# Pre-Processing

In [8]:
import numpy as np 
import pandas as pd

from sklearn.pipeline import Pipeline, make_pipeline
from sklearn.compose import make_column_transformer, ColumnTransformer
from sklearn.impute import KNNImputer, SimpleImputer
from sklearn.preprocessing import StandardScaler, MinMaxScaler, RobustScaler, FunctionTransformer

In [12]:
train = pd.read_csv("data/Train.csv")
test = pd.read_csv("data/Test.csv")

df = train.copy()

## Dropping 

In [3]:
def drop_cols(df):
    # Dropping columns with more than 90% missing values
    missing_percent = df.isnull().mean()
    columns_to_drop = missing_percent[missing_percent > 0.9].index
    df.drop(columns=columns_to_drop, inplace=True)
    
    # Dropping id columns
    df.drop('id', axis=1, inplace=True)
    df.drop('site_id', axis=1, inplace=True)
    df.drop('date', axis=1, inplace=True)
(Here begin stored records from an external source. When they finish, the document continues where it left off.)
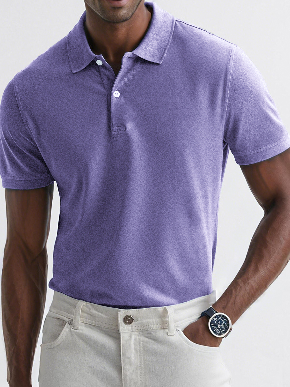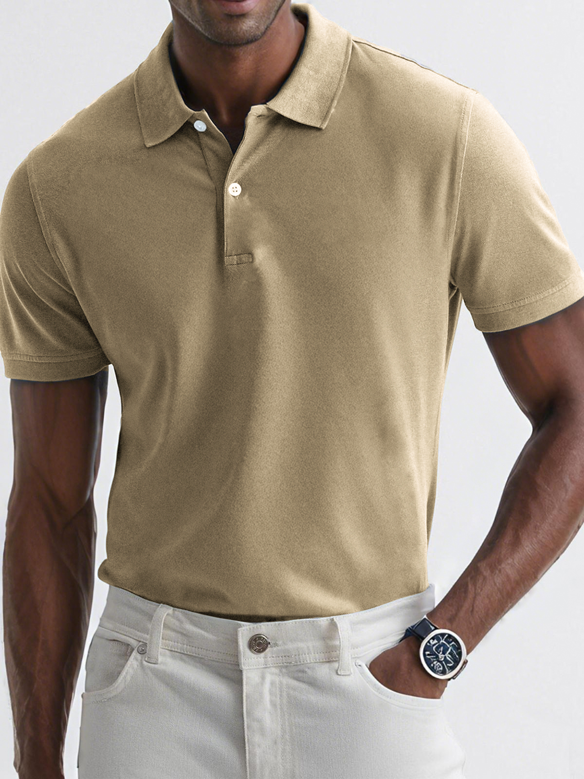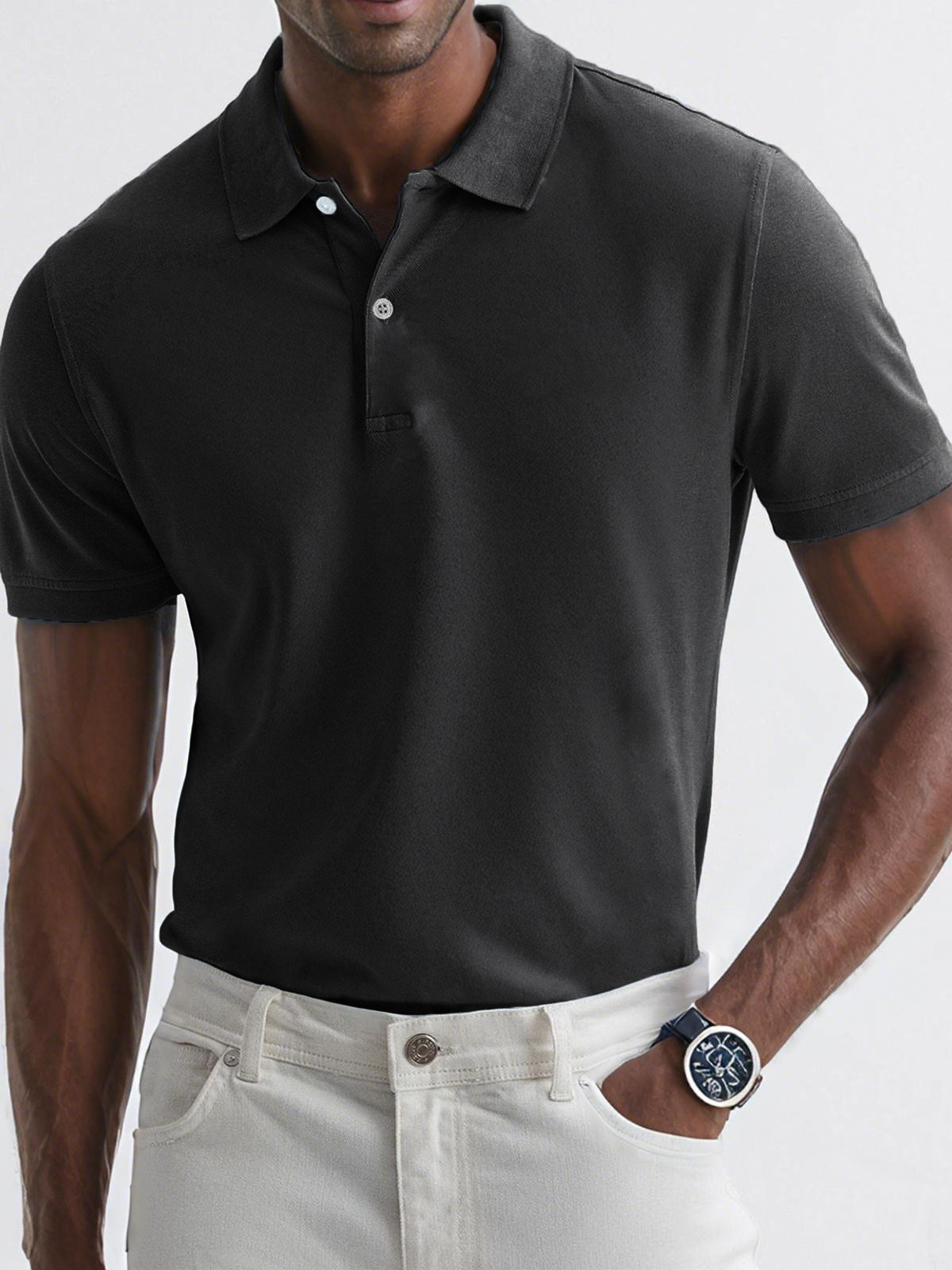 - Neckline:Button polo collar
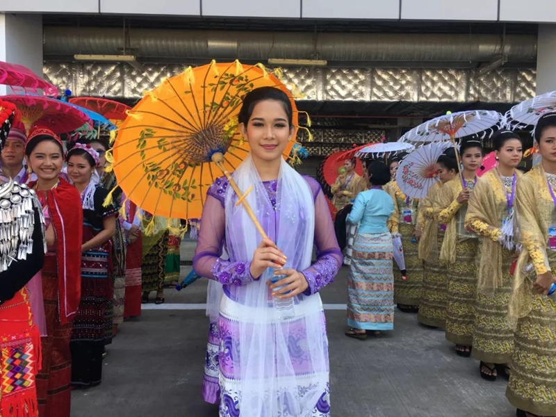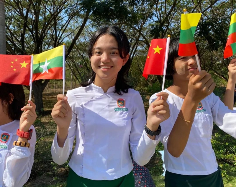 暖陽下,中緬兩國(guó)國(guó)旗招展。
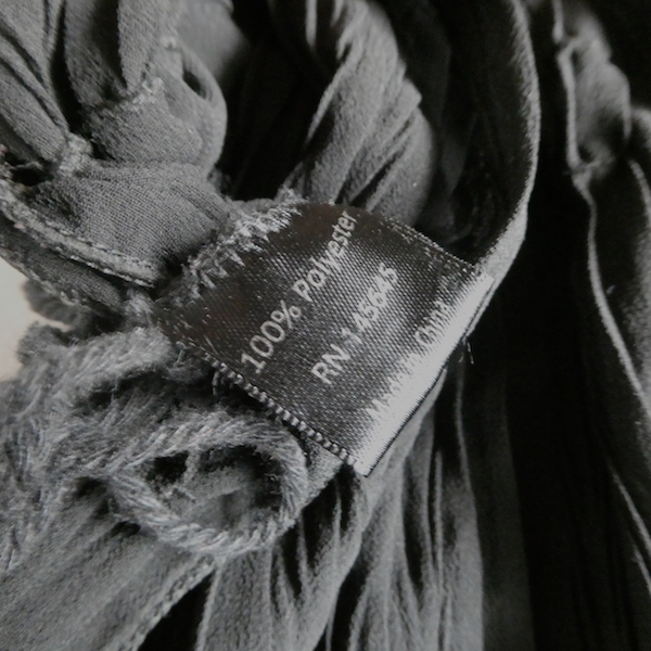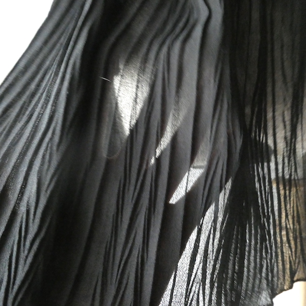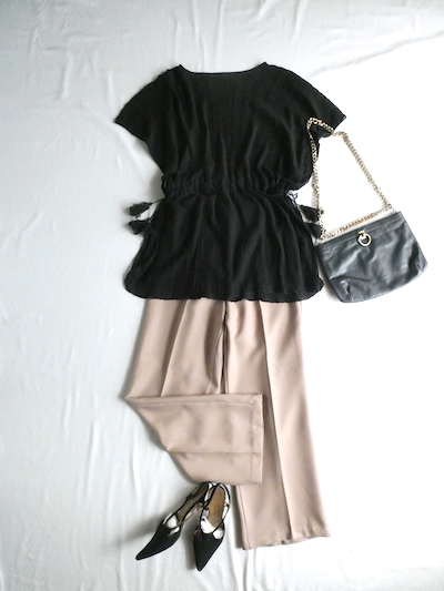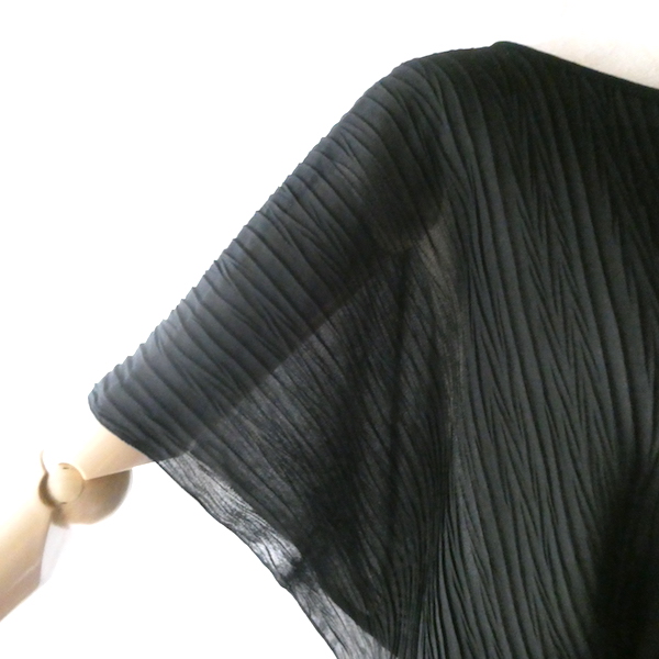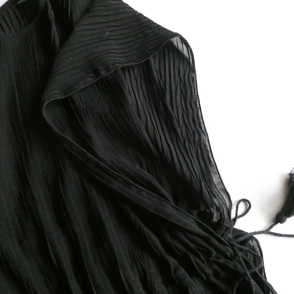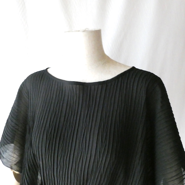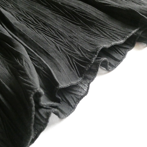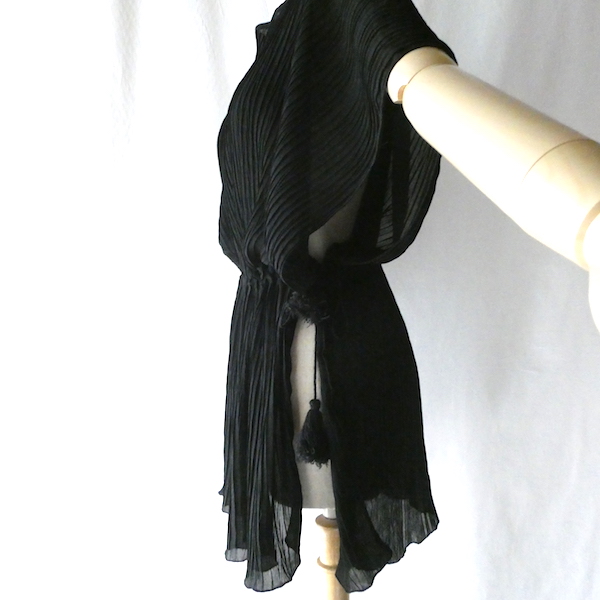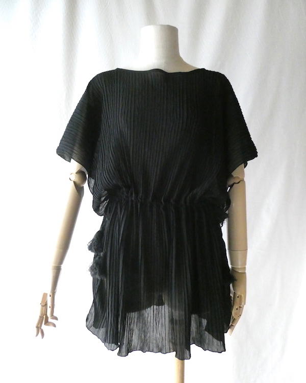 透け感のあるブラックトップスです。ゆるんと落ち感のあるポリエステルで、シワ格好された生地。一枚生地をウエスト部分のドローストリングで留めるポンチョのような作り。絞り加減でブラウジングしたり、そのままゆるっと着たり、タンクやキャミで夏場はそのまま、ワンピースやタートルにベストとして重ね着したり。色々楽しめるアイテム。ドローコードの先についたタッセルが揺れて可愛いですよ。
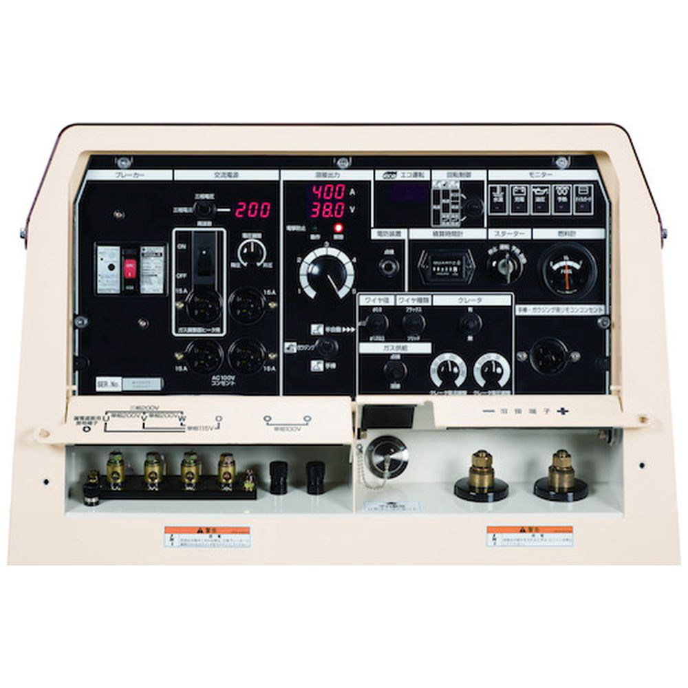 連続溶接が可能で、ガウジング作業に必要なエアコンプレッサー用の三相交流電源も搭載。
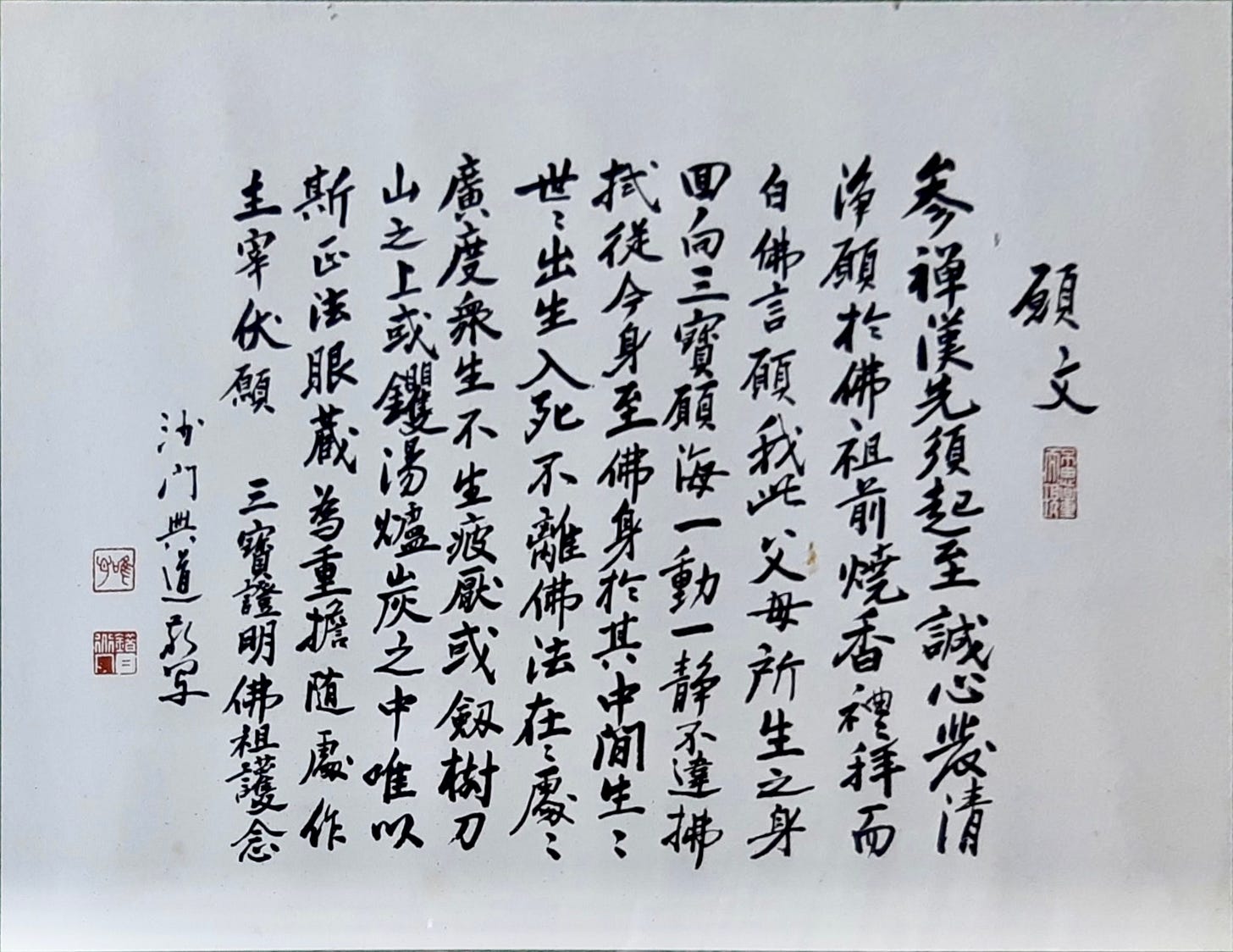 I vow that this body, born of my mother and father, be dedicated to the boundless ocean of vows of the Three Treasures. In all matters of daily life, may I never depart from the Buddha’s teaching. From this present life until I attain the body of a Buddha — through birth and death, again and again — may I never stray from the Dharma. In each and every lifetime, may I tirelessly guide all living beings toward liberation. Though I may fall into the hells and face the torment of sword-trees or knife-mountains, or be plunged into boiling cauldrons and burning coals, may I take the Treasury of the True Dharma Eye as my sole refuge and my burden to bear, and serve as a master wherever I am.
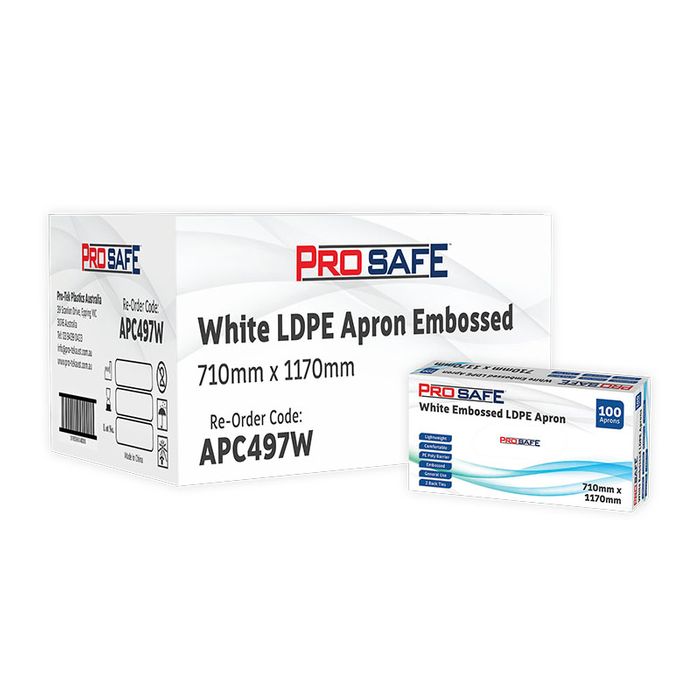 ProSafe LDPE Embossed Aprons are lightweight and comfortable with 2 back ties and a PE poly Barrier, Suitable for general purpose protection.

    # City and Country can be dropped since we have site_latitude and site_longitude
    df.drop('city', axis=1, inplace=True)
    df.drop('country', axis=1, inplace=True)

    return df 

In [20]:
drop_transformer = make_pipeline(FunctionTransformer(func=drop_cols))

## Imputation

In [15]:
knn_imputer = make_pipeline(KNNImputer(n_neighbors=5, weights="distance"))
imputer = make_pipeline(SimpleImputer(strategy="mean"))

In [16]:
cols_with_missing_values = df.columns[df.isnull().any()].tolist()

## Scaling

In [17]:
std = make_pipeline(StandardScaler())
min_max = make_pipeline(MinMaxScaler())
rob = make_pipeline(RobustScaler())

In [19]:
numeric_features = df.select_dtypes(include=["int64", "float64"]).columns.tolist()

# Pre-Processor

In [25]:
transformer = make_column_transformer(
    #(drop_transformer, slice(None)),
    (knn_imputer, cols_with_missing_values),
    remainder=std
)

In [24]:
preprocessor = make_pipeline(transformer)